To The Moon With Saturn

No! No! My car! Am I going to be driving the Edsel of the 21st Century? Make them stop!:
General Motors Corp. launched its Saturn division in 1985 as a "different kind of car company," one given the task to sell cars in a new way and compete with Japanese juggernauts like Honda and Toyota.

The idea, simply, was to make money on the small, economical vehicles that had always been losers for the Detroit giant.

Now GM may be abandoning the brand altogether.

The sweeping restructuring plan GM released this week in hopes of squeezing $18 billion in aid out of Congress includes a pledge to "explore alternatives" for Saturn.

GM officials say options include overhauling the lineup, partnering with another carmaker, selling the brand and, potentially, sending Saturn off to the junkyard.

GM's Swedish luxury brand Saab might also be sold, and Pontiac could be transformed into a "niche" brand inside other dealerships.

But the decision to consider pulling the plug on Saturn, the agile little start-up that GM developed to reinvent the way it produced and sold cars, is a bitter reminder of just how deep the automaker's troubles run.

Saturn, after all, was created to do almost everything that GM, industry experts and many members of Congress say a modern car company has to do to survive in today's market: Make a limited range of small, fuel-efficient cars, then sell them through a small network of dealers for a profit.

There was just one hitch: GM says Saturn never made a profit.

At its plant in Spring Hill, Tenn., Saturn made simple, unfussy cars designed to appeal to penny-wise drivers.
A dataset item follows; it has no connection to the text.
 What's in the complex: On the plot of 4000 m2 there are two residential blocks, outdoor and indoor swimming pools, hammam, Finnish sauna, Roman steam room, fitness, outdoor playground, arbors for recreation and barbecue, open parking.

But the price point of the vehicles -- in recent years as low as $12,000 on some models -- was far too low to cover the cost of producing and marketing them, analysts say.
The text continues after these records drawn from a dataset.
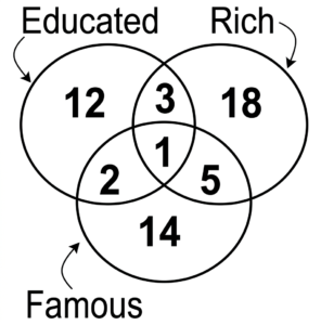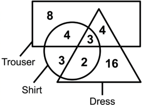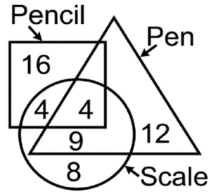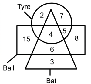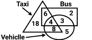 Venn Diagram (SSC REASONING) Part-2Total Questions: 5031. What is the total number of buses ? [SSC CHSL 09/03/2023 (3rd Shift)](a) 13(b) 14(c) 15(d) 7Correct Answer: (c) 15Solution:From the venn diagram we can say that the total number of buses is (6 + 4 + 3 + 2) = 15.32. How many pens are there? [SSC CHSL 09/03/2023 (4th Shift) ](a) 21(b) 16(c) 20(d) 25Correct Answer: (d) 25Solution:Total number of pens = 12 + 4 + 9 = 2533. How many glass are both phone and pen? [SSC CHSL 10/03/2023 (1st Shift) ](a) 13(b) 24(c) 11(d) 15Correct Answer: (c) 11Solution:From the venn diagram we can say that the number of glass which are both phone and pen = 1134. Study the given diagram carefully and answer the questions. The numbers in different sections indicate the number of persons. [SSC CHSL 10/03/2023 (2nd Shift) ](a) 2(b) 5(c) 3(d) 1Correct Answer: (c) 3Solution:People that are educated and rich but not famous = 335. How many black table are there ? [SSC CHSL 10/03/2023 (3rd Shift) ](a) 9(b) 8(c) 7(d) 14Correct Answer: (d) 14Solution:By looking at the venn diagram we can say that the number of black tables are = 5 + 4 + 2 + 3 = 1436. Mothers, Husbands and Males [SSC CHSL 10/03/2023 (4th Shift)](a)(b)(c)(d)Correct Answer: (c)Solution:37. How many balls are neither bat nor tyre? [SSC CHSL 13/03/2023 (1st Shift) ](a) 15(b) 21(c) 23(d) 8Correct Answer: (c) 23Solution:From the venn diagram we can say that number of balls which are neither bat nor tyre = 15 + 8 = 2338. How many dresses are trousers ? [SSC CHSL 13/03/2023 (3rd Shift) ](a) 5(b) 7(c) 4(d) 3Correct Answer: (b) 7Solution:The correct answer is 7.39. How many register are neither tools nor sword ? [SSC CHSL 13/03/2023 (4th Shift) ](a) 24(b) 18(c) 15(d) 25Correct Answer: (b) 18Solution:register that are neither tools nor sword = 1840. Indians, Brain specialist, Surgeon [SSC CHSL 14/03/2023 (2nd Shift)](a)(b)(c)(d)Correct Answer: (c)Solution:Submit Quiz« Previous12345Next »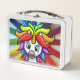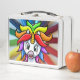 Esta caja de almuerzo tiene un unicornio arcoiris encima.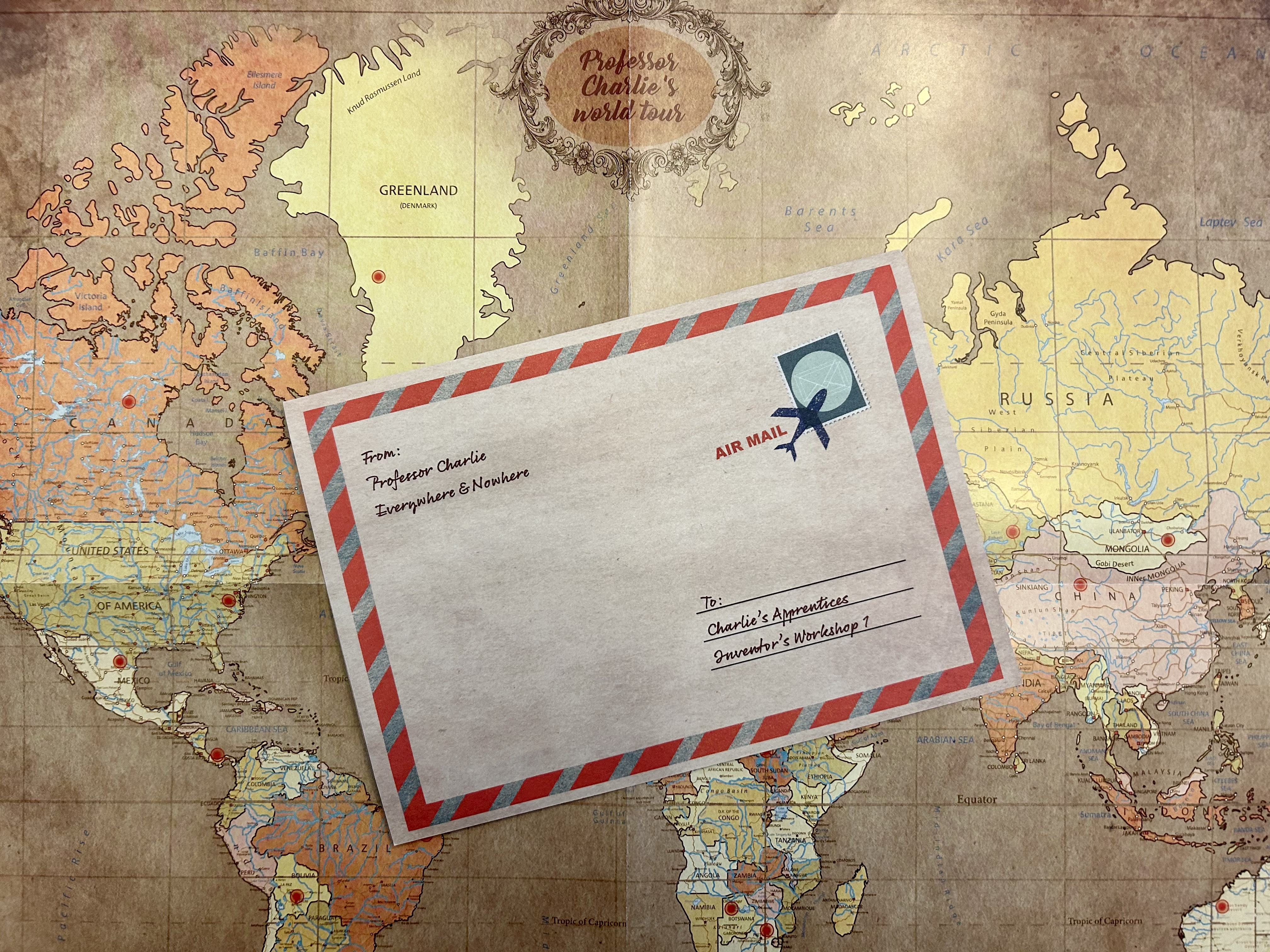 Professor Charlie’s World Tour is a chain of twenty-four puzzles presented through a series of letters. Professor Charlie has made an awesome discovery that he hopes to share with someone worthy of learning about it. As one of his assistants, you may be that person, but first you must use the letters he has sent to retrace the steps of his research and journey around the world. Prove yourself to see the world and to learn a secret that can change the world.

In response, the company raised prices substantially, to an average of about $17,000 two years ago and about $24,000 today. To accomplish that, however, the company had to stock the lineup with larger, fancier vehicles like the hulking Outlook sport utility vehicle.

The Outlook, which seats eight, starts at $31,000 and seemingly has nothing in common with the no-fuss economy sedans like the S-Series, which debuted in 1991 with a sticker price of $7,995.

"To broadly stereotype, Saturn buyers are single women teachers," said Eric Noble, president of Car Lab, an industry consulting firm in Orange. "They don't need an eight-person SUV."

So far this year, Saturn sales are down 21% from 2007 levels, compared with a 16% drop for the auto industry as a whole.